Move structure and hash tables

[gaard]

Gcc lete get away with it, even allowing me to initialize the fields on construction, but msvc said no way. Something about bit fields of different types.

Can you show the code for the type declaration of the bitfield and the assignment?

Something like

struct TTEntry {
u64 key : 48 = 0;
u8 bound : 2 = 0;
u8 age : 6 = 0;
u8 depth;
i16 score, value;
u32 move;
}

Gcc gives me a nice even sizeof 16 without any explicit packing.

[Ras]

Code: Select all

struct TTEntry {
    u64 key : 48 = 0;
    u8 bound : 2 = 0;
    u8 age : 6 = 0;
    u8 depth;
    i16 score, value;
    u32 move;
}

Maybe the problem is that the bitfield base types for the first eight bytes are incompatible. You could try it like this:

Code: Select all

struct TTEntry {
    u64 key : 48 = 0;
    u64 bound : 2 = 0;
    u64 age : 6 = 0;
    u64 depth : 8;
    i16 score, value;
    u32 move;
}

Also, please note that this way of initialisation requires C++20. Neither earlier C++ nor C can do it this way. I would keep data type declaration and initialisation separate anyway to avoid superfluous initialisation.

[diep]

I see a lot of effort going towards packing a move in 16 bits to save space in the hash table or even for general use. But then you need special functions to determine, with the board state, whether a move is castling (although this one may be as simple as abs(orig - dest) == 2), en passant, capturing, promotion piece, etc. I suppose some of those can be encoded in the remaining 4 bits of a 16-bit move, but usually not all of them. An extra 16 bits also leaves room for flags like direct check, reveal check, etc. Has anyone every measured performance between the two schemes, that is, 16-bit move versus 32-bit. Is there any reason to believe the difference is worth more than a couple of Elo?

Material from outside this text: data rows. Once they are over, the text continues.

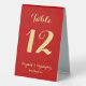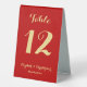 Create your own custom, personalised, modern, elegant, stylish, simple, minimalist, classy, stylish, chic, beautiful faux gold typography script on red background, faux gold hearts, white plastic polystyrene, table number tent sign, featuring the bride & groom's names and the wedding date. To customise, simply type in the table number, the couple's name (bride & groom / husband & wife), and the wedding / marriage anniversary date. While you personalise, you'll be able to see a preview throughout. Perfect for wedding, bridal shower, anniversary celebrations, dinner party, or other special occasion, for wedding planners, event managers, venue management companies, restaurant, cafe, hotels, resorts, hospitality industry, convention centres, small business, and more.
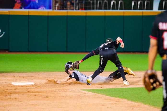 Boca del Río, Ver., 03 julio de 2025. Un ataque de cuatro carreras en el segundo rollo, le abrió la puerta a Piratas de Campeche para vencer por pizarra 7-6 a El Águila de Veracruz y los filibusteros se quedaron con la serie en el Beto Ávila.
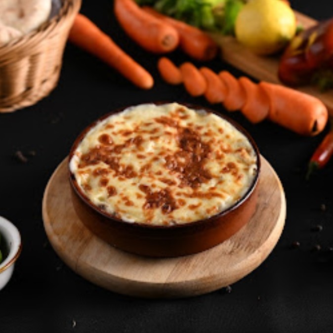 طبقات من الباذنجان والبطاطس مع اللحم المفروم بصلصة الطماطم.
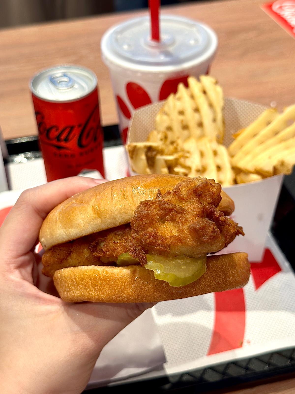 No decision fatigue here; the only choice you get here food-wise is a drink option of Coca-Cola (regular or diet) or bottled water. Otherwise, the pop-up offers just Chick-fil-A’s most well-known Original Chicken Sandwich, which is served with fried waffle potato fries.
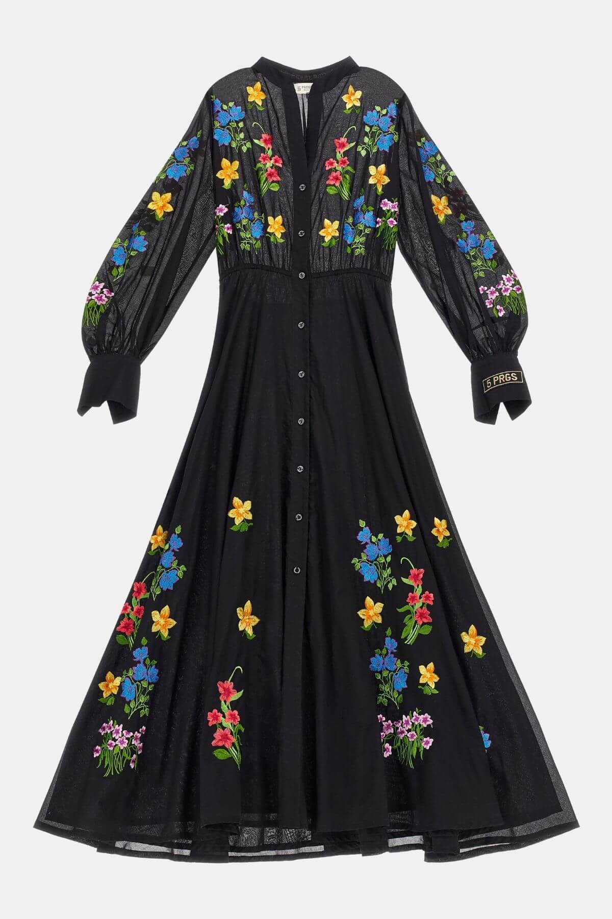 This dress is designed with a relaxed fit through the body and a gently defined waist for a flattering silhouette. The lightweight, cotton fabric drapes softly, while the button-front closure and long sleeves with cuffs add structure. Finished with an all-over floral print, the dress combines comfort with elegant, eye-catching details.
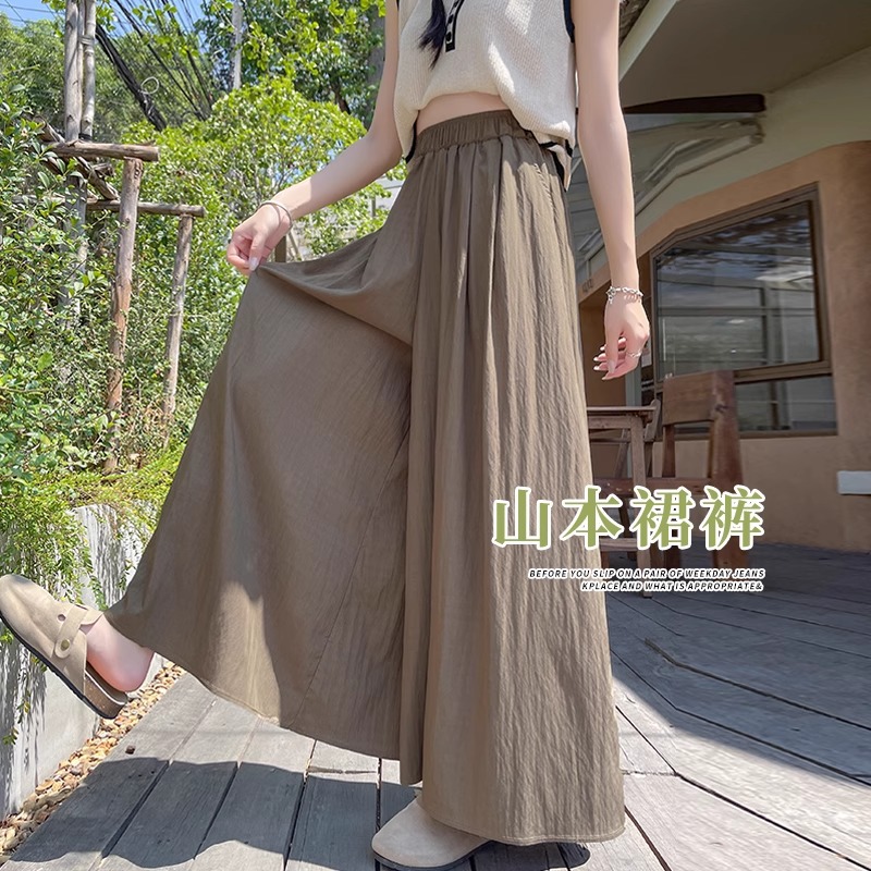 山本パンツスカート女性の夏の 2025 新しいハイウエストスリム A ラインスカートカジュアル小柄なアイスシルクワイドレッグパンツ
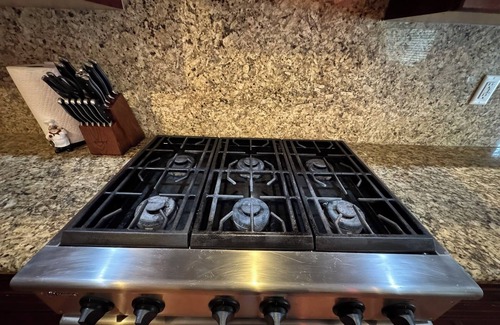 The kitchen has three stools that pull up to the granite island with specialty drop lighting above. You will find a microwave, Keurig and Kitchenaid for your use. The stove is a 6-burner. There is also a small tall-top dinette that seats four people.
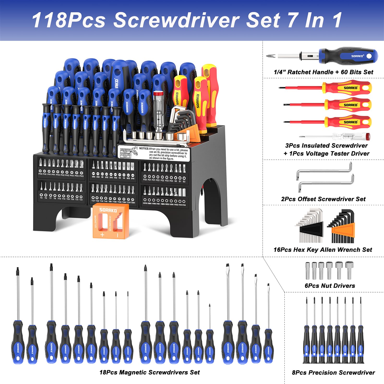 - SORAKO 118Pcs Screwdriver Set Magnetic | Including Ratchet Screwdriver -
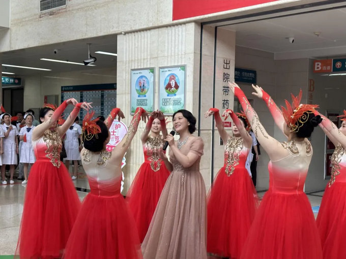 活動伊始,一曲《萬疆》在門診大廳悠揚響起,身著舞衣的護(hù)士姐妹隨著音樂的節(jié)奏翩翩起舞,通過優(yōu)美的身姿與嘹亮的歌聲,展現(xiàn)華夏大地的壯麗與遼闊。
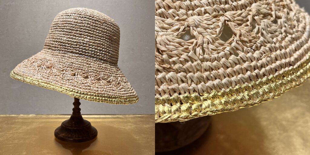 ブリムにぐるりと施された金箔のラインと、透かし編みがポイントです。
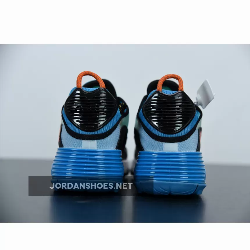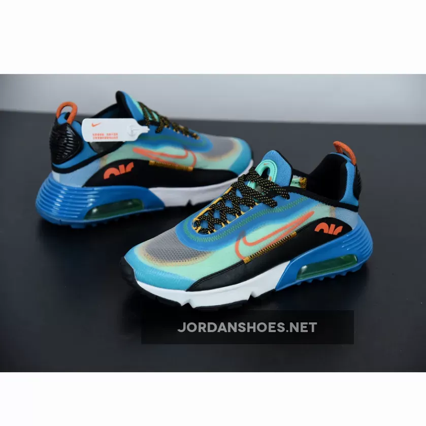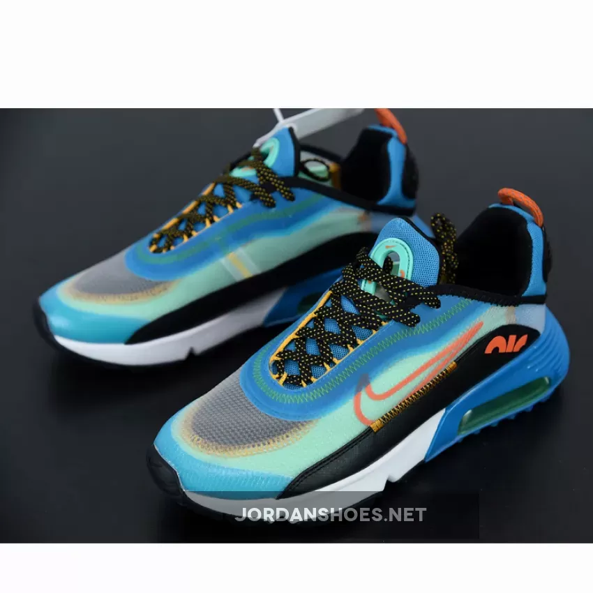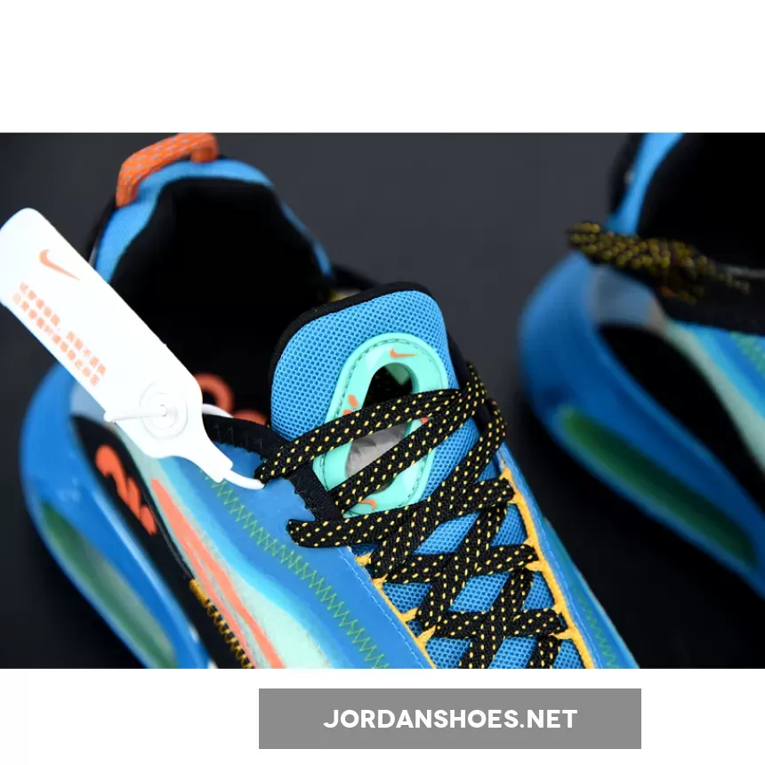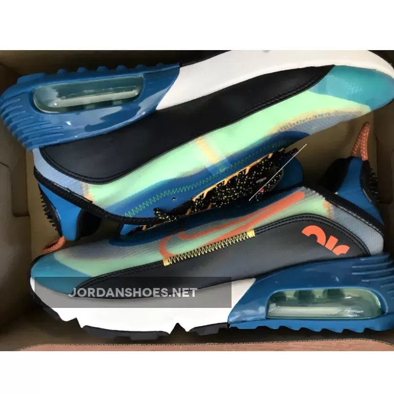 In color blocking galore, teal translucent overlays sit atop a mint green base. Bright oranges and yellows are used for the swoosh, lace loops, heel loops, and contrast stitching details to add warmth to the color palette. These bright hues are balanced by a jet black Air Max 90-inspired mudguard. For final, hiking-inspired flair, the black shoelaces have orange stitchings reminiscent of the durable laces on other hiking shoes.

Well didn't follow latest developments here yet oldie diep - you really can mess up with hashtables. Boy the 2012 diep sure i f'ed up there with yet another hashtable attempt in how to store where and how to probe. Idea was good implementation sucked. And it all is al ot of work.

Yet the structure itself. It has to do with how the RAM works. Not sure about DDR4 there, but ddr3 can abort a read after reading just 32 bytes.
So if you do several probes and you manage to keep it shorter there by quite some bytes it is worth it.

If i look in diep's source i see that every year basically i toyed with a new hashtable implementation for the transpositiontable (not to confuse with evaluation table nor pawn hashtable nor other hashtables). In 2006,2007,2008 i see different versions

Here is how i stored for example in 2008:

dword1 = 32: hash
dword2 = 20:score 8:age 4:flags
dword3 = 21:sicfm algorithm 6: sicfm-delta-depth 5:reductionsdone
dword3a = 20:sortscore 12:empty
dword4 = 20:eval 6:movdepth 6:scoredepth
dword5 = 15:move 2:bound 15:hash (inverse side)
flags : matethreat, pvsingularmove, egtbscore, SideToMove
bound: istruebound, isbetabound

decoding: dword1 = dword1' XOR dword4;
dword5 = dword2' XOR dword5;
dword2,dword3,dword4 get stored unchanged of course

So in total it's 6 dwords of 32 bits. In total 24 bytes per entry. In that 2008 implementation i'm doing 8 probes.
So that's a total of 24 x 8 = 160+32 = 192 bytes in total. With DDR3 that's 3 cachelines obviously.

The sortscore is stored because for example in alfa nodes (nodes where score was <= alfa) we want to sort better. It's pretty complex to get that well to work but can deliver you hundreds of elopoints with an engine - and sure against some significant slowdown linearly.

the sicfm algorithm i invented start this century and works way more complex. Also improves the sorting. It has to do with detecting draw scores and avoiding storing drawscore bugs into hashtable. And if you do then annotate you do it. Tricky to get bugfree. Yet also would improve sorting code a lot.

The rest you guys can work out.

p.s. note that the reason why many engines that forward prune last 9 plies or so in pretty hard manner by simply doing
if( depthleft <= 9 && !incheck && eval >= beta ) then return eval;

That hard forward pruning doesn't mess up your sorting further back in the search as you get a pretty good score estimate back. So it improves move ordering versus many engines that do not forward prune yet use a nullmove there. The nullmove does mess up sorting a lot - even though it's better to do than hard forward pruning. Yet you need to correct your sortscores then. It's a mixture of hashtables, nullmove scores and draw scores you have to correct in <= alfa nodes.